• Atieno Orodo

COVID-19: My Story

Updated: Sep 11


So many tragedies have happened this year, we can't even keep up. Although the Beirut explosion and the death of Chadwick Boseman were a punch in the gut, COVID-19 is the mother of them all.


I'm sure everyone has a story to tell and a blame to lay on COVID-19. This here is my story.


COVID started in December last year, hence the "-19". Despite this, I first heard of COVID in March this year. At this point I was on leave and it was the last thing on my mind. It was still in China, a very distant land. So I enjoyed every bit of my leave as scheduled and even planned more activities. After all, I am in a first world country, communicable diseases are a non issue.


Three weeks later, I had resumed work. COVID had already set sail and docked in Europe, particularly Spain and Italy. Still, there was a lot of speculation. I did my first set of shifts and COVID preparedness was a conversation staple. Most of us were ripe with ideas of how it should be handled, a popular strategy being setting aside wards to deal with the disease. What we didn't know was that the axe would fall on our bark.


You see, working in a hospital set up, your ward is like a small family. You are used to your colleagues. They know you and you know them. Just like sibling, you like some more than others but you still make it work no matter what.


At this point I was roughly six months in the UK and I was in a phase called "SuperNewMary" to mean that I was working under supervision, still being hand-held for most procedures. Socially, I was just getting used to the environment and finding my feet. The universe had other plans. The gods have a sardonic wit.
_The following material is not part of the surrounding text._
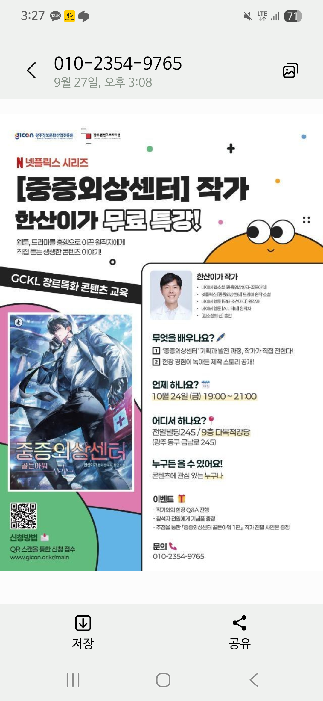 이런 나에게 날아온 문자 한통

Monday morning, I report to work and find the doors to our ward chained and locked. Words cannot describe the confusion from that morning. In the long run,we reported to the site manager and were sent to different wards. This was to be our new normal.

Before we deal with the horrors of COVID, here I was, having to dance with strangers, all day, everyday. Adapting to my ward was hard enough. I didn't need this, not just when my emotional and mental well being were finding some semblance of stability. I was in the deep end. Again. To be honest, I almost drowned.


The consolation was that everyone was panicking. No one seemed to know what to do, when to do it and how to do it. The number of positive patients was slowly rising and the death toll with it. There was a shortage of PPES. Staff started developing flu-like symptoms as well. Daily government briefs became more confusing than helpful. Chaos had erupted across the globe.


After a few weeks of being at sixes and sevens a system was developed to classify the COVID cases and wards were assigned as below:

Cohort 1: Low probability

Cohort 2: Intermediate probability evidenced by chest CT scan

Cohort 3: High risk patients for full escalation

Cohort 4: High risk with DNACPR in place

Cohort 5: High risk with End of Life care


For two months I worked with all these cohorts. I saw how the virus caused extreme pain when breathing, a task we consider mundane. I saw patients developing fevers that would not respond to any medication. I saw how some patients' symptoms evolved in a span of 24 hours or less, necessitating Intensive Care. I saw the panic in health care providers' faces. I saw the panic in my own face.


Simultaneously, I was filling in shoes too big for me professionally. On one day I had to lead a team. On another, I had to do a shift in Intensive Care Unit with my "SuperNewMary" status because there was a shortage of staff across the hospital. All these and I am in a country with one of the best healthcare systems in the world.


My worst moments were making phone calls to inform relatives that their loved ones had died. And that they were not allowed to come into the hospital nonetheless. As I mentioned before, I almost drowned. I was fatigued both physically and emotionally. Social distancing added insult to the injury. I took a break, for my sanity's sake.


After a week of resting and reflecting, I realized that despite the physical and emotional toll, COVID had been a steep learning curve for me. I had to quickly understand the hospital's system. I learnt how to respond to medical emergencies when they happen. I gained skills to interact with different pools of healthcare providers and people. Most importantly, I developed the courage to speak up for myself. I learnt to say no to tasks I was not competent or comfortable doing.


Due to COVID-19, my skin has grown two inches thicker. Both figuratively and literally.

We are yet to beat the virus. No one knows what the future entails. We dread a second wave. Worse still, winter is coming. However, there is hope. We know what to do to contain the spread of the virus. Also, there are people working round the clock to develop a vaccine. In the meantime we must do out part; sanitizing, masking up and social distancing.



P.S I tested positive for COVID-19 antibodies.